1.45 Uhr. Auch die ATV-Show "Saturday Night Fever" hat hier ihre
Fans. Die Jungs haben sich zwar noch nicht gezeigt, am Straßenrand wird
aber heftig über den Realitätsbezug der Serie diskutiert. "Der Molti
sucht ja eigentlich die große Liebe", meint ein Blondine, die auch
wissen will, dass einer der Burschen "ein zweijähriges Kind" hat.
1.55 Uhr. Die Security streift entlang des Bachbettes um etwaige
"Alkleichen" zu finden. Die Freunde aus dem Waldviertel starten
Verhandlungen mit den Samaritern. "Könnt ihr uns nicht ins Bollwerk
bringen?" Die Antwort ist klar: "Wir sind ja kein Taxidienst!"

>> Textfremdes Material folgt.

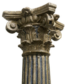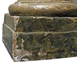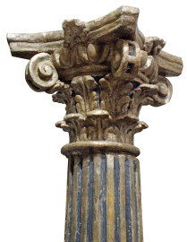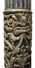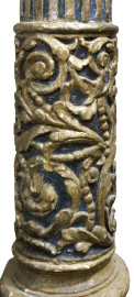 Coppia di colonne, Veneto, XVIII secolo, in legno intagliato, dorato e laccato, capitello corinzio poggiante su fusto scanalato e scolpito a motivi vegetali, base quadrata, altezza cm 224, (difetti e segni del tempo).

2.05 Uhr. Die letzten Stände werden mit Eisengittern versperrt,
während aus einem Zelt noch immer Partymusik dröhnt. Der Shuttlebus nach
Keutschach füllt sich noch einmal, andere wanken zu Fuß über die
Landesstraße. Im Zeltlager in Keutschach kehrt langsam Ruhe ein.